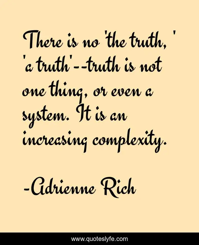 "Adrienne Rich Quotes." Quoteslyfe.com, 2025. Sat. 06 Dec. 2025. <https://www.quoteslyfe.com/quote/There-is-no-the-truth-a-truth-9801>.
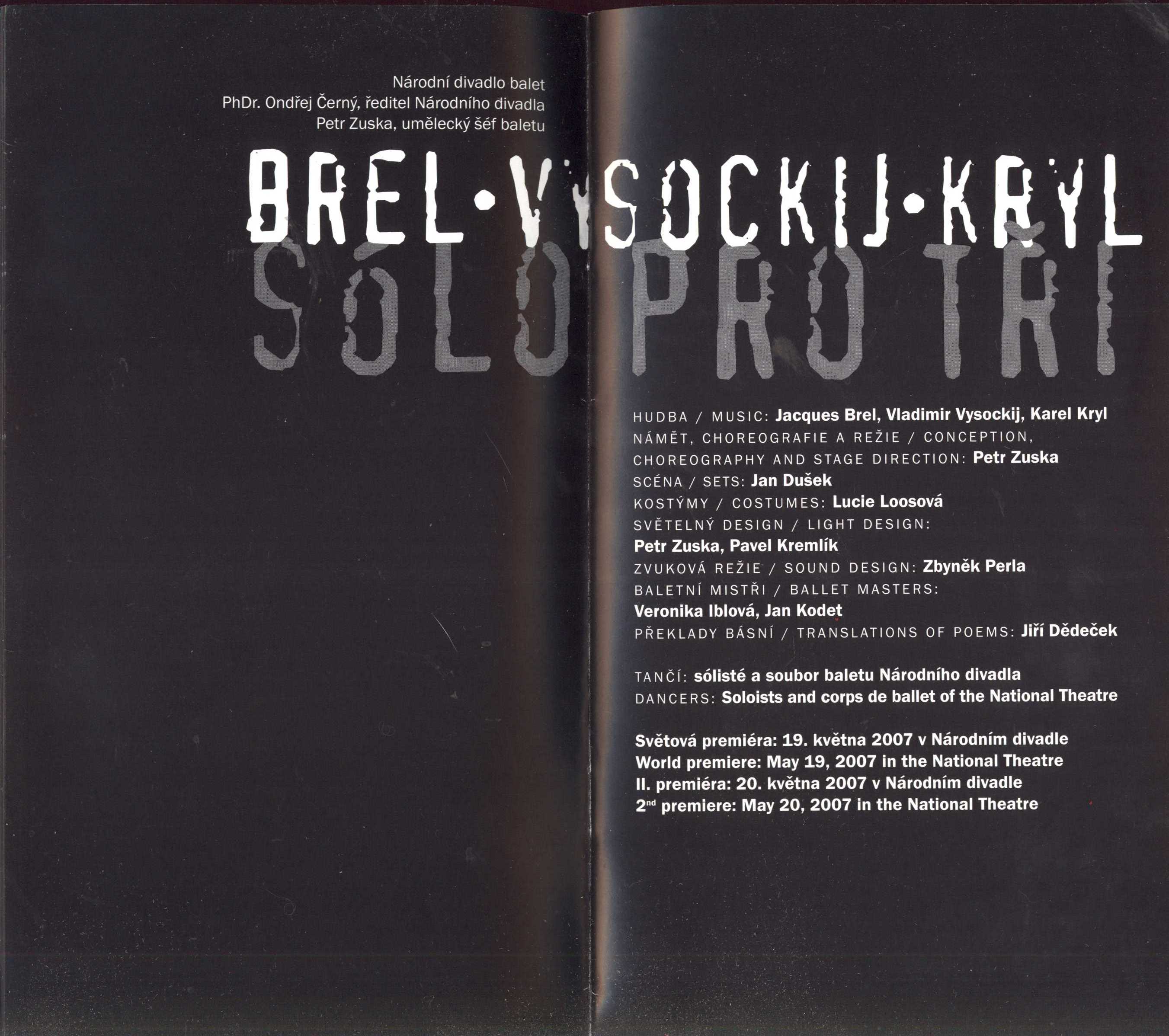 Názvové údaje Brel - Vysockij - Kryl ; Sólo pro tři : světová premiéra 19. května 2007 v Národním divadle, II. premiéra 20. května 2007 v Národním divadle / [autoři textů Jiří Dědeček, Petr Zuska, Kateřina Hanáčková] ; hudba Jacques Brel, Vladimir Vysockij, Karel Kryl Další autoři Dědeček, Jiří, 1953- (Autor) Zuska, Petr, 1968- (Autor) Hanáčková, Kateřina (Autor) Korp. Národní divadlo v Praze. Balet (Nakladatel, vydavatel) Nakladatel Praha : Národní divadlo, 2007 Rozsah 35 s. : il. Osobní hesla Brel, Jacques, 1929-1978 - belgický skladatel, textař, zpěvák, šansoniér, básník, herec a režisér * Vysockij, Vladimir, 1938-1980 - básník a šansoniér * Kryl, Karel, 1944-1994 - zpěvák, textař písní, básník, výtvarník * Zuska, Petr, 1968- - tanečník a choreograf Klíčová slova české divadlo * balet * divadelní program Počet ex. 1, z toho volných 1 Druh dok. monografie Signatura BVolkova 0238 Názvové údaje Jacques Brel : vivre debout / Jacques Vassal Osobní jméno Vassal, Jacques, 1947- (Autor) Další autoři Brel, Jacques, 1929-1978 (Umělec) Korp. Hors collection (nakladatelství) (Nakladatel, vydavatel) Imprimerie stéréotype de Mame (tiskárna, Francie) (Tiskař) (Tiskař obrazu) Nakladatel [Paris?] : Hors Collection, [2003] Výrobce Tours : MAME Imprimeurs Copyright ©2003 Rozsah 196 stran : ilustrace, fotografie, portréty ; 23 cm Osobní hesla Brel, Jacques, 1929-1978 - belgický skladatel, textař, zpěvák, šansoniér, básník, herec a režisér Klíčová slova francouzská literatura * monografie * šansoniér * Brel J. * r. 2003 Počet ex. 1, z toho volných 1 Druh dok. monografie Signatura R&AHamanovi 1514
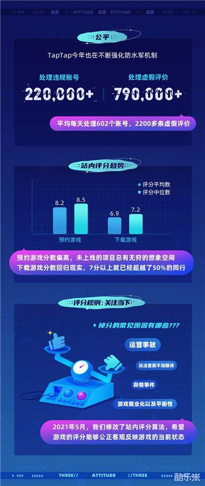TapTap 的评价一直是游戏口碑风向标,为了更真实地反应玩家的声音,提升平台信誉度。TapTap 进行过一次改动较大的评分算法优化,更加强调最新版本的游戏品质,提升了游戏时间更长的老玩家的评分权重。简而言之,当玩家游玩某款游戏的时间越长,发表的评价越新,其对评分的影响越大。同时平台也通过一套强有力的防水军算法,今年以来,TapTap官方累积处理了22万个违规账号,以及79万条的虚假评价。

--

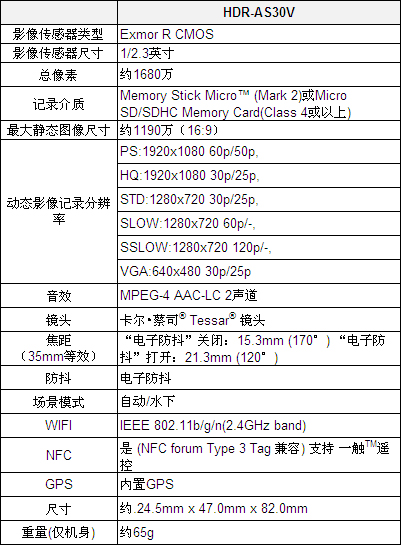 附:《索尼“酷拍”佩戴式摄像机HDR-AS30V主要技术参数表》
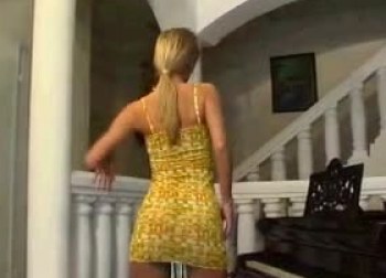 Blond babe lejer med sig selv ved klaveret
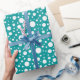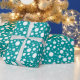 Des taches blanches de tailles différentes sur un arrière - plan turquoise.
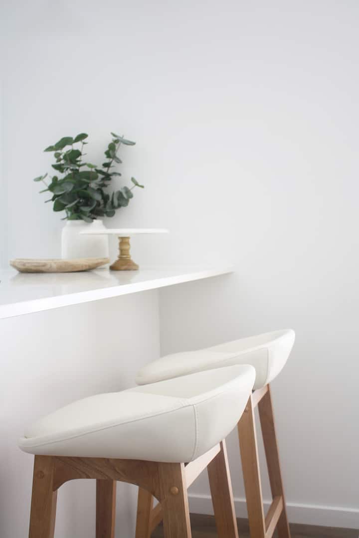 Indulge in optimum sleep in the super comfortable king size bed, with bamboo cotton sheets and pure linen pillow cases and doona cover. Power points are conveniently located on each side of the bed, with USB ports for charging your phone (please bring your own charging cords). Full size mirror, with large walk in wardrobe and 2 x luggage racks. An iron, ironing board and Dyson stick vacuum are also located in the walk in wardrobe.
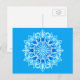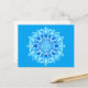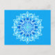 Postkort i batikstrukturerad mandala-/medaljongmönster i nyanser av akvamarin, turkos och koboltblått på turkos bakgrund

WORK INSTRUCTION: Among the entries above, take the lines from the one with "Indulge in optimum" through the one with "Postkort i batikstrukturerad" and retype them exactly, leaving out the pictures.

OUTPUT FOR THIS EXERCISE:
 Indulge in optimum sleep in the super comfortable king size bed, with bamboo cotton sheets and pure linen pillow cases and doona cover. Power points are conveniently located on each side of the bed, with USB ports for charging your phone (please bring your own charging cords). Full size mirror, with large walk in wardrobe and 2 x luggage racks. An iron, ironing board and Dyson stick vacuum are also located in the walk in wardrobe.
 Postkort i batikstrukturerad mandala-/medaljongmönster i nyanser av akvamarin, turkos och koboltblått på turkos bakgrund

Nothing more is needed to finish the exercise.